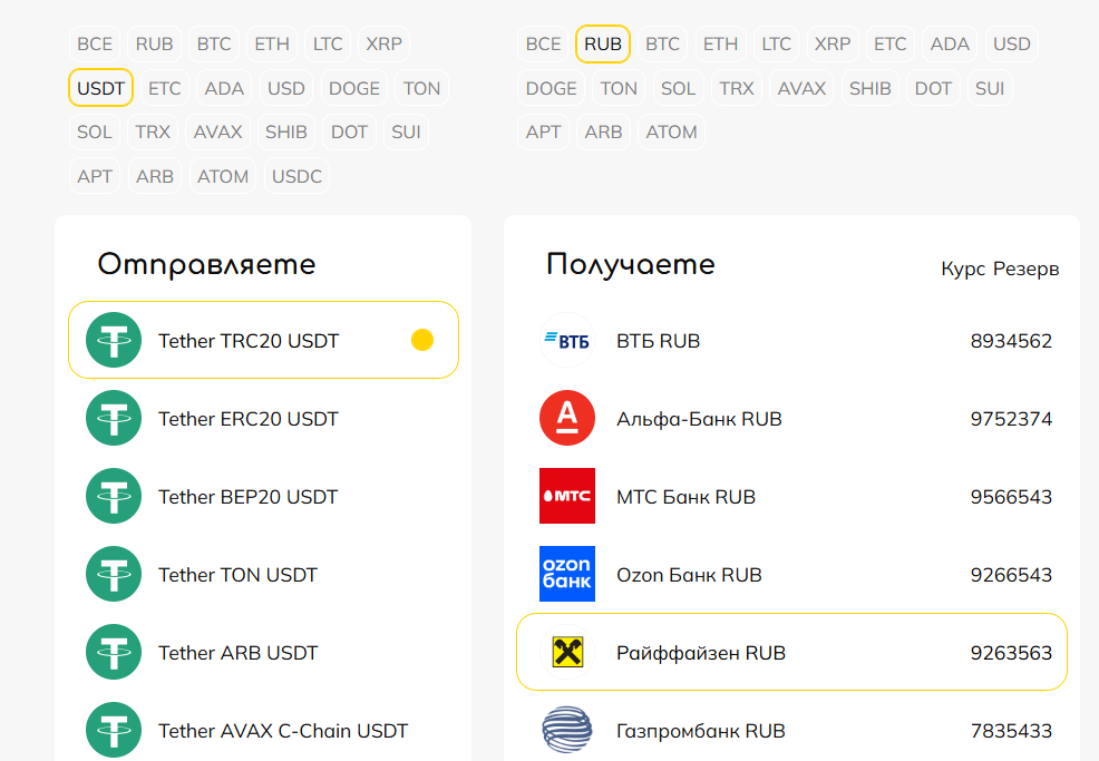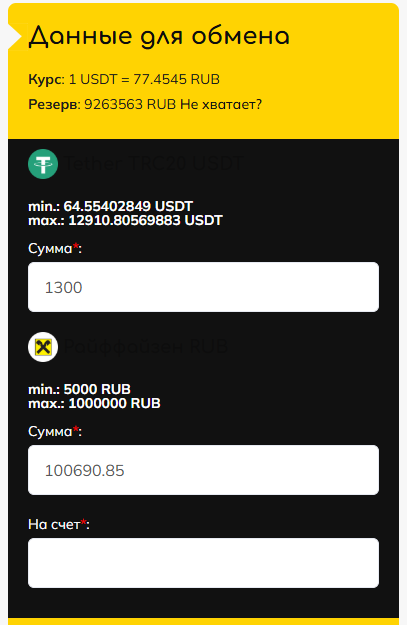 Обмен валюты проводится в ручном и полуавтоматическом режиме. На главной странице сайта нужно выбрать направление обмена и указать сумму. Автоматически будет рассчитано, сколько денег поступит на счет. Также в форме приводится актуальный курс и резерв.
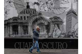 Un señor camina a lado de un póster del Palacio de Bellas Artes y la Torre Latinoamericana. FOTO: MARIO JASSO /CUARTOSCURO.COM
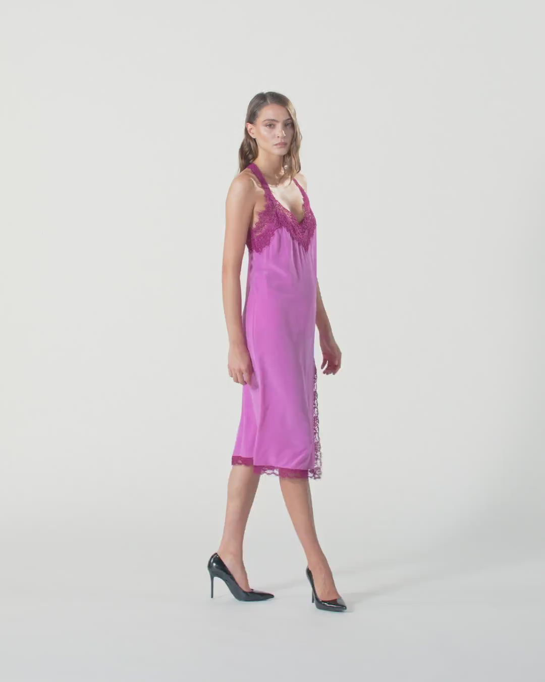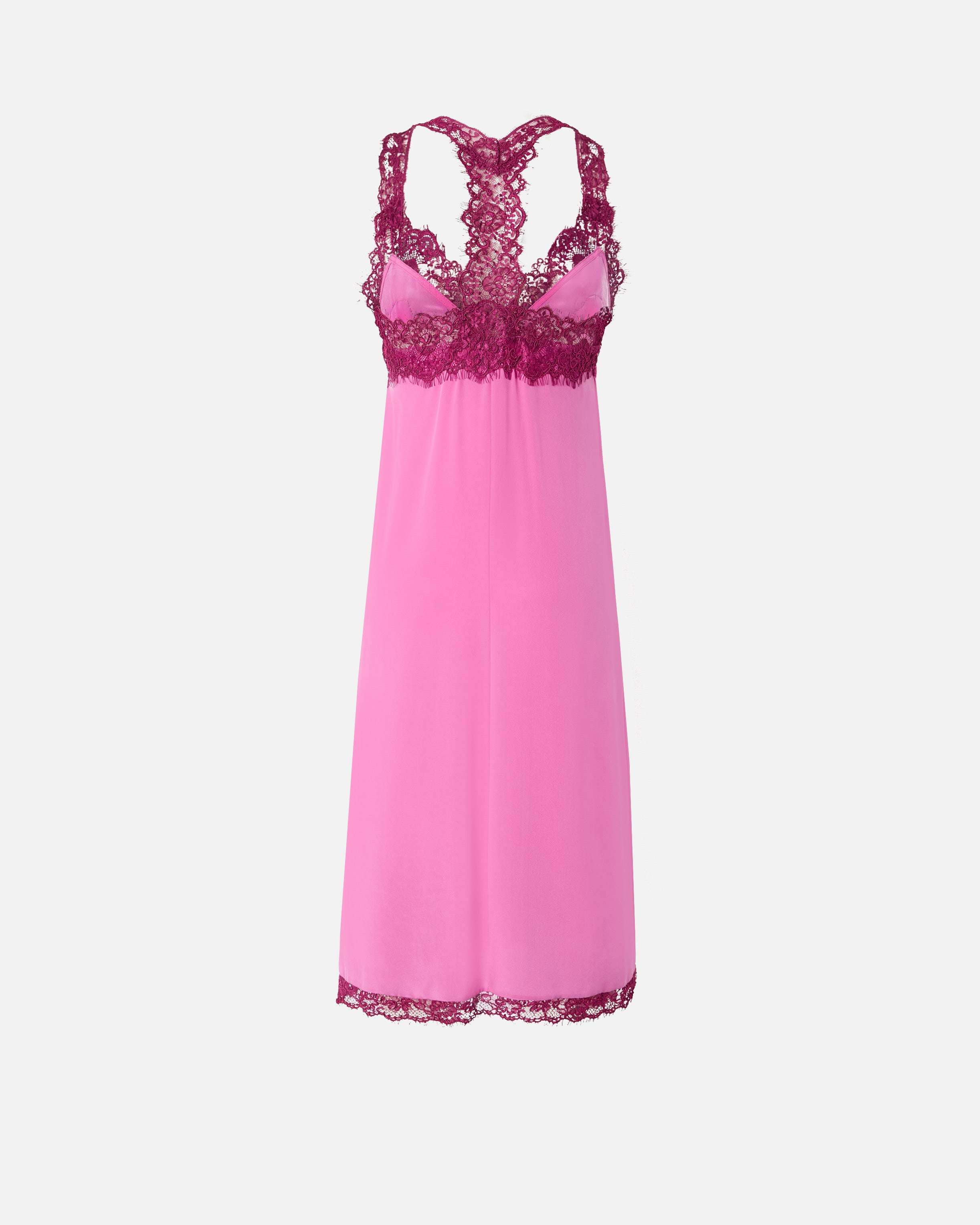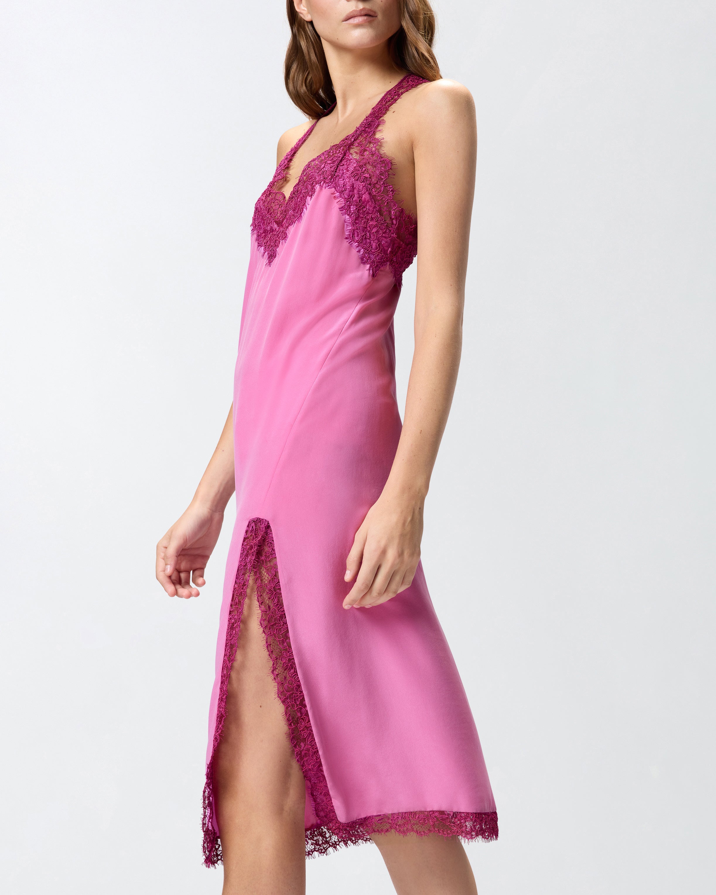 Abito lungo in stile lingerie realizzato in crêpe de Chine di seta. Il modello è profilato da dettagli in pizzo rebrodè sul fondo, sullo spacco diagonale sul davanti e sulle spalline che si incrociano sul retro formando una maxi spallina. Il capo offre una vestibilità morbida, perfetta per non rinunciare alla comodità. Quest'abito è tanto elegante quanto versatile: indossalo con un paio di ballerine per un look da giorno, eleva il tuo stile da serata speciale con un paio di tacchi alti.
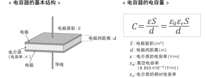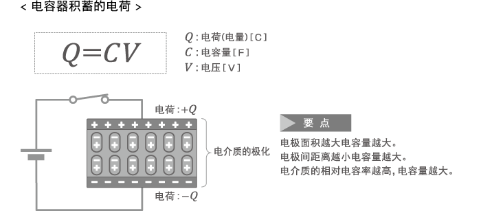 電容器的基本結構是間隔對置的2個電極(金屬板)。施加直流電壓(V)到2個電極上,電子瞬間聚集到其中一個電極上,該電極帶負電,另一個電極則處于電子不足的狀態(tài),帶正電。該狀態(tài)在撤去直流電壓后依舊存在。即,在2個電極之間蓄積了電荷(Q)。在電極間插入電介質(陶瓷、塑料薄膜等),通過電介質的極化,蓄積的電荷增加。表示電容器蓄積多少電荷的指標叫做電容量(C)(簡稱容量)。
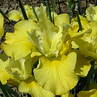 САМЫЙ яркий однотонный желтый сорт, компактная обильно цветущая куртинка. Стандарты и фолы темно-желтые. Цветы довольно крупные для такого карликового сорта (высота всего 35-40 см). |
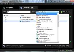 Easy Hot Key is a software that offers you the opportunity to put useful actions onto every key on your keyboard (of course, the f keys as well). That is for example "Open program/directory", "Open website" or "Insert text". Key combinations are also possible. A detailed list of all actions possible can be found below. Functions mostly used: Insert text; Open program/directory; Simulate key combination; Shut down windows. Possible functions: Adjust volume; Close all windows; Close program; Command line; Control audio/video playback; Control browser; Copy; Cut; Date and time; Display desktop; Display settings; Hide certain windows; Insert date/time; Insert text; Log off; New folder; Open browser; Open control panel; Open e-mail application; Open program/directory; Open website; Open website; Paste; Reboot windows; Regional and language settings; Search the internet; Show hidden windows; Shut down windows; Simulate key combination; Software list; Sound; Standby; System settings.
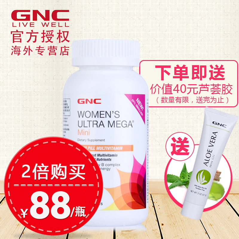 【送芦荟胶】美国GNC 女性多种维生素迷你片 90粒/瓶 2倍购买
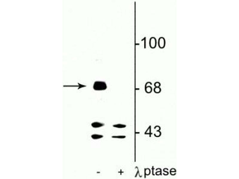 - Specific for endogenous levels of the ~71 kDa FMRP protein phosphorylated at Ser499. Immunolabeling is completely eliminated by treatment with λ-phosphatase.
_ _ _ _
Please write out exactly the lines starting at the one that contains "Abito lungo in" and ending with the final line of the entries, both ends included. Do not write out any pictures.

TASK RESULT:
 Abito lungo in stile lingerie realizzato in crêpe de Chine di seta. Il modello è profilato da dettagli in pizzo rebrodè sul fondo, sullo spacco diagonale sul davanti e sulle spalline che si incrociano sul retro formando una maxi spallina. Il capo offre una vestibilità morbida, perfetta per non rinunciare alla comodità. Quest'abito è tanto elegante quanto versatile: indossalo con un paio di ballerine per un look da giorno, eleva il tuo stile da serata speciale con un paio di tacchi alti.
 電容器的基本結構是間隔對置的2個電極(金屬板)。施加直流電壓(V)到2個電極上,電子瞬間聚集到其中一個電極上,該電極帶負電,另一個電極則處于電子不足的狀態(tài),帶正電。該狀態(tài)在撤去直流電壓后依舊存在。即,在2個電極之間蓄積了電荷(Q)。在電極間插入電介質(陶瓷、塑料薄膜等),通過電介質的極化,蓄積的電荷增加。表示電容器蓄積多少電荷的指標叫做電容量(C)(簡稱容量)。
 САМЫЙ яркий однотонный желтый сорт, компактная обильно цветущая куртинка. Стандарты и фолы темно-желтые. Цветы довольно крупные для такого карликового сорта (высота всего 35-40 см). |
 Easy Hot Key is a software that offers you the opportunity to put useful actions onto every key on your keyboard (of course, the f keys as well). That is for example "Open program/directory", "Open website" or "Insert text". Key combinations are also possible. A detailed list of all actions possible can be found below. Functions mostly used: Insert text; Open program/directory; Simulate key combination; Shut down windows. Possible functions: Adjust volume; Close all windows; Close program; Command line; Control audio/video playback; Control browser; Copy; Cut; Date and time; Display desktop; Display settings; Hide certain windows; Insert date/time; Insert text; Log off; New folder; Open browser; Open control panel; Open e-mail application; Open program/directory; Open website; Open website; Paste; Reboot windows; Regional and language settings; Search the internet; Show hidden windows; Shut down windows; Simulate key combination; Software list; Sound; Standby; System settings.
 【送芦荟胶】美国GNC 女性多种维生素迷你片 90粒/瓶 2倍购买
 - Specific for endogenous levels of the ~71 kDa FMRP protein phosphorylated at Ser499. Immunolabeling is completely eliminated by treatment with λ-phosphatase.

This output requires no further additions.